> _PROMPT_
Set the whole listing down again, word for word, with no pictures.
** RECORDS SHOWN follows **
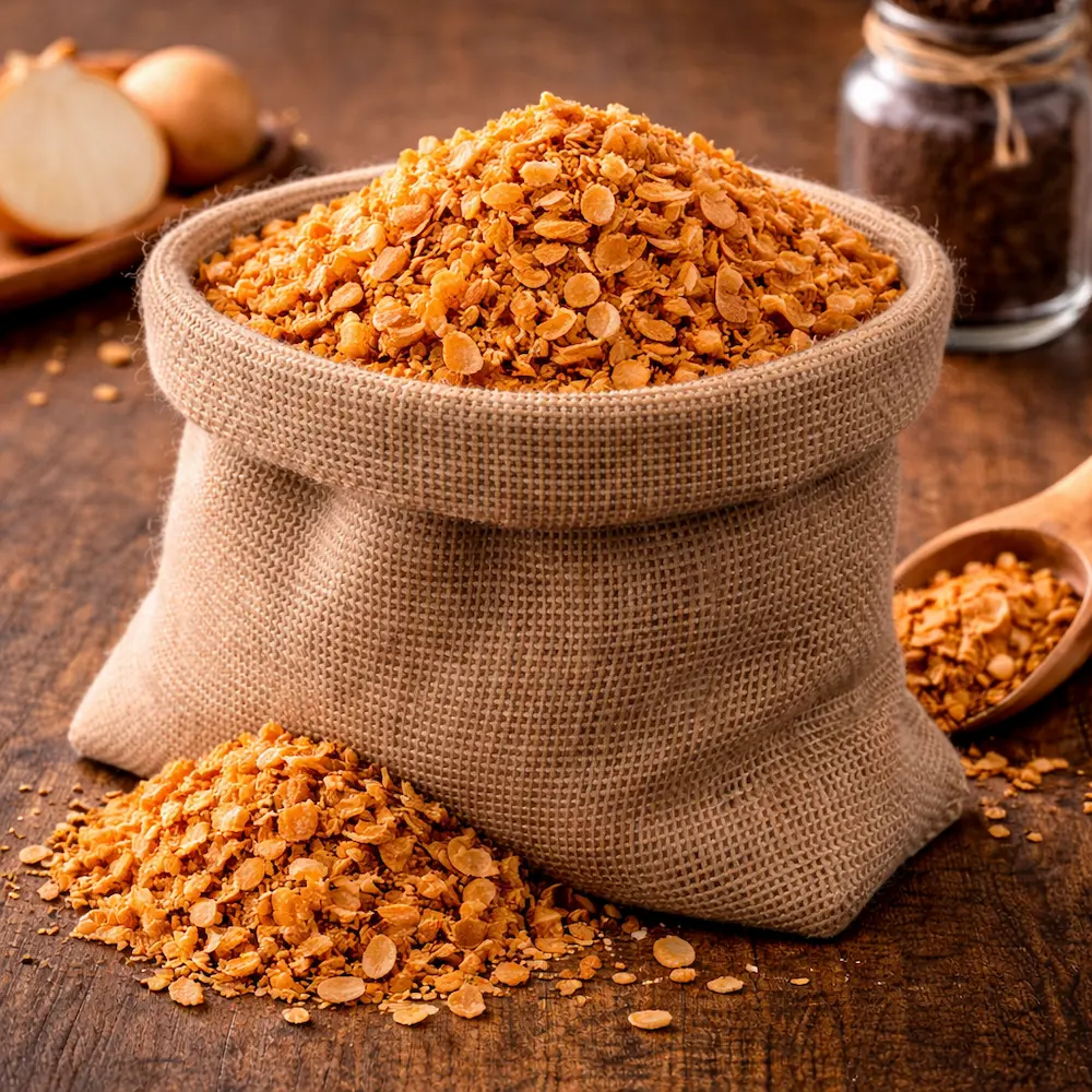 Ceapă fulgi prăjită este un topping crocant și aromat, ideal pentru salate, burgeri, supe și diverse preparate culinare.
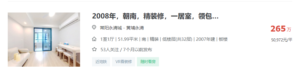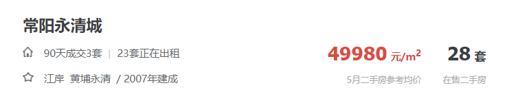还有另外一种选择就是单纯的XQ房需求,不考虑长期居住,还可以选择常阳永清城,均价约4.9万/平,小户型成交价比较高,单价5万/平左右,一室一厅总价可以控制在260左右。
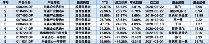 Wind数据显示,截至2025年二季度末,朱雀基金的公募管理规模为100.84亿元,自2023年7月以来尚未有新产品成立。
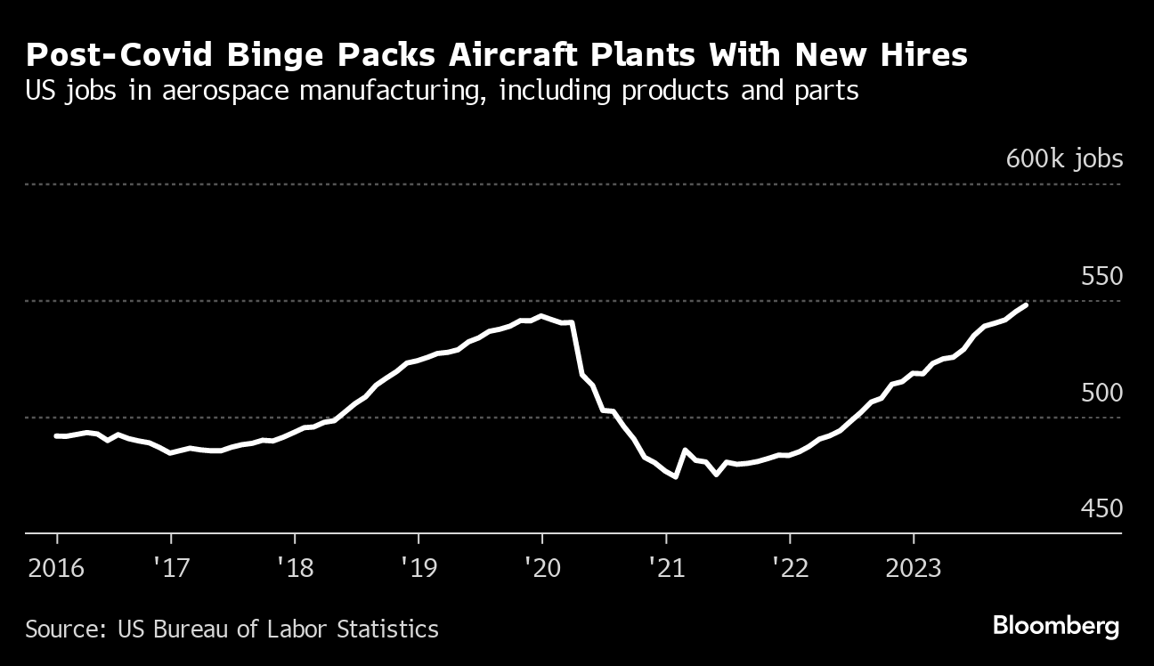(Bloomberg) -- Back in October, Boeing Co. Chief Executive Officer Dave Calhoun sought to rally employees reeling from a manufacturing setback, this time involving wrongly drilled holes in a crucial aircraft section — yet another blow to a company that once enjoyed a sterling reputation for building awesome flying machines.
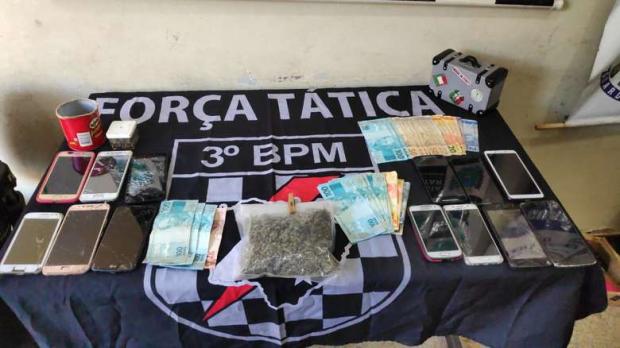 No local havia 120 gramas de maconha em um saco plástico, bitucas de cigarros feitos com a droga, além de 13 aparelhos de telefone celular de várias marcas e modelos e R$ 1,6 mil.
** End of RECORDS SHOWN **
> _YOUR RESPONSE_
 Ceapă fulgi prăjită este un topping crocant și aromat, ideal pentru salate, burgeri, supe și diverse preparate culinare.
还有另外一种选择就是单纯的XQ房需求,不考虑长期居住,还可以选择常阳永清城,均价约4.9万/平,小户型成交价比较高,单价5万/平左右,一室一厅总价可以控制在260左右。
 Wind数据显示,截至2025年二季度末,朱雀基金的公募管理规模为100.84亿元,自2023年7月以来尚未有新产品成立。
(Bloomberg) -- Back in October, Boeing Co. Chief Executive Officer Dave Calhoun sought to rally employees reeling from a manufacturing setback, this time involving wrongly drilled holes in a crucial aircraft section — yet another blow to a company that once enjoyed a sterling reputation for building awesome flying machines.
 No local havia 120 gramas de maconha em um saco plástico, bitucas de cigarros feitos com a droga, além de 13 aparelhos de telefone celular de várias marcas e modelos e R$ 1,6 mil.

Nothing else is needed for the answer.